As you exhale, bend the hip until you reach the floor with your hands. From this position, take a step back to reach the inverted V posture, bringing your hips to the ceiling. It is one of the yoga exercises for beginners.

4.Bhujangasana or the cobraYoga exercises

The cobra is a posture that serves to stretch the abdomen and lower back. To start the pose, stand on the mat face down with your arms slightly apart from the body and palms down as well.

Breathe and support the palms of your hands just below the shoulders.

Stretch your legs and support the instep of each foot on the mat.

Then stretch your arms at the same time you bend backward. Throw back your head too. It is one of the best yoga exercises for beginners.

5.Padmasana or lotus positionYoga exercises

This position is ideal for meditating and relaxing the body because you open your body and mind to the energies of the class. To start to sit on the mat and straighten your back with your legs straight.
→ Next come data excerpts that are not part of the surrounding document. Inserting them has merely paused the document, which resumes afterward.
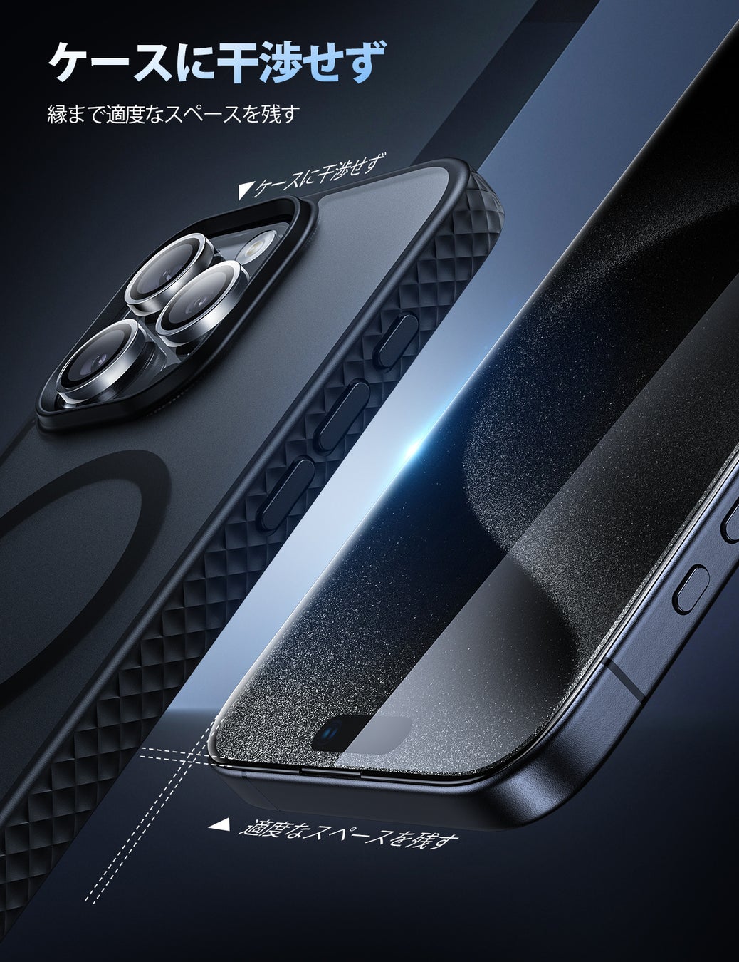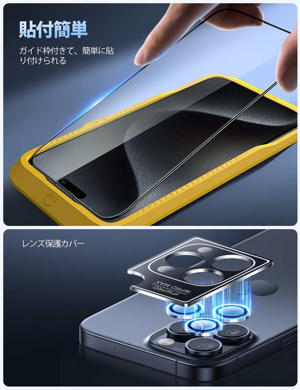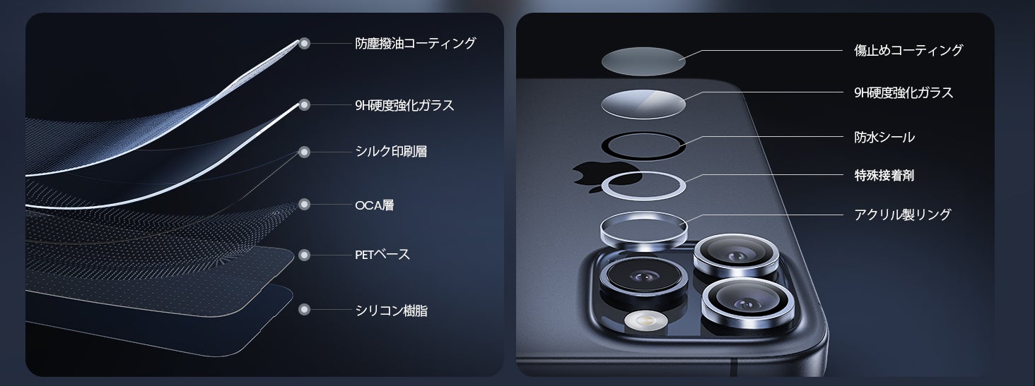 ガラスフィルム表面はAF/AS処理に180-200糸のBAテープ素材と電気メッキ(AR100)(≧112°)技術を採用し、静電気防止だけではなく、指紋防止もできます。ガラスフィルムに高耐久撥水撥油コーティングが施され、フィルム表面での雫の角度が110°以上になり、突然の雨もこれで安心です。ハードコーティング処理により指紋や汚れが付きにくく、付着した水滴や汗、化粧品等を容易に拭き取ることができて、iPhone16本来の美しさをそのままに保つことが可能です。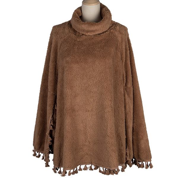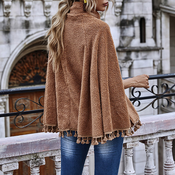 Fashion Solid Color High Collar Tassel Hem Cloak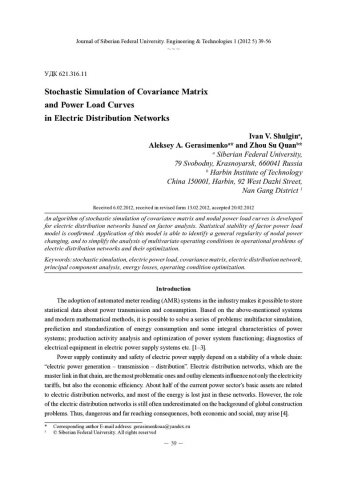 Библиографическое описание:Shulgin, Ivan. Stochastic Simulation of Covariance Matrix and Power Load Curves = Стохастическое моделирование матрицы корреляционных моментов и графиков нагрузок мощностей узлов распределительных электрических сетей / Ivan V. Shulgin, Aleksey A. Gerasimenko, Zhou Su Quan. - Текст : непосредственный // Журнал Сибирского федерального университета. Техника и технологии. - 2012. - Т. 5, № 1. - С. 39-56 : табл. - Библиогр.: с. 54-56 (16 назв.). - ISSN 1999-494X.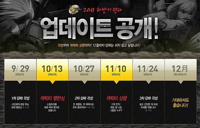 이번 업데이트는 29일부터 2주 간격으로 다섯 단계에 걸쳐 이뤄진다. 29일 '던파 1차 각성'을 시작으로 10월 13일과 27일에는 '전 캐릭터 밸런싱'과 '던파 2차 각성'이, 11월 10일과 24일은 '캐릭터 개편'과 '던파 3차 각성'이 각각 새롭게 선보일 계획이다.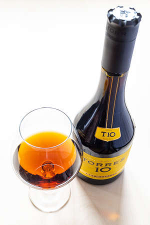 Moscow, Russia - October 16, 2021: closed bottle with TORRES Gran Reserva 10 brandy and wineglass. Torres 10 Gran Reserva is the most popular Spanish brandy in world, it has been produced since 1946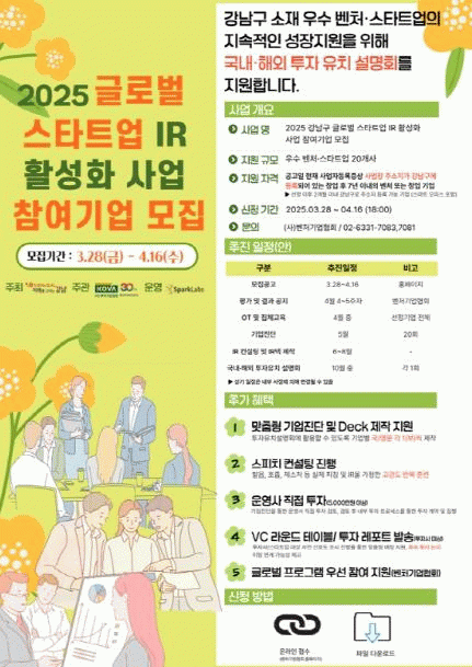 [»çȸ] °­³²±¸, ½ºÅ¸Æ®¾÷ ÅõÀÚÀ¯Ä¡ º»°Ý Áö¿ø¡¦ 30°³»ç ±Û·Î¹ú ÁøÃâ µ½´Â´Ù |2025. 04.09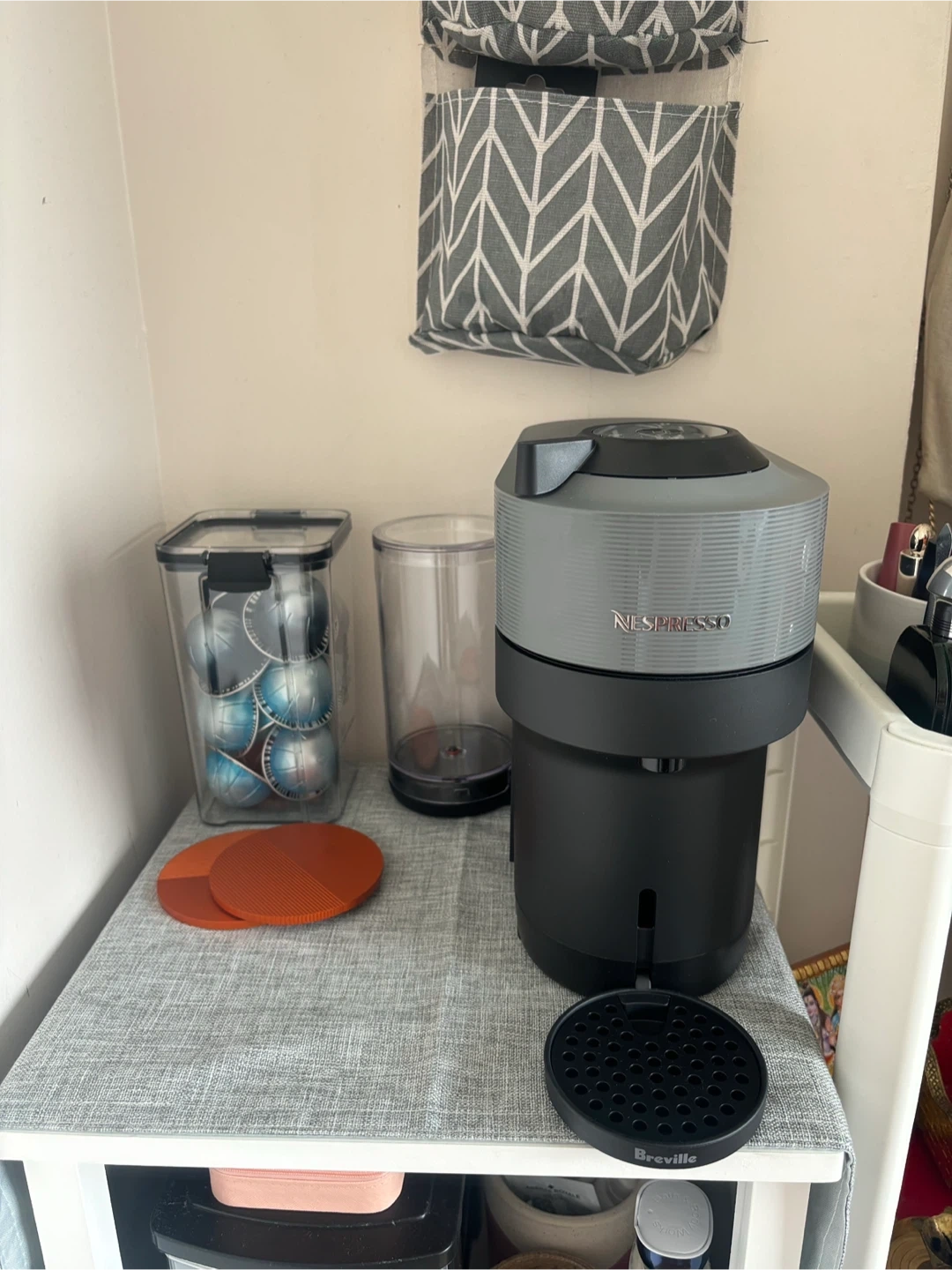 This Nespresso VertuoPlus machine makes delicious coffee. It's a sleek grey and black model from Breville.

Then bend one of the knees and draw the foot towards you holding it with your hands.

Put it on the thigh of the other leg, bringing the foot of the hip closer.

When you have your legs crossed, place your hands on your knees and breathe slowly.

This yoga poses for beginners are simple and you can do them at different times in practice. Relax and do not be afraid to start yoga practices, this will help you strengthen your body and mind!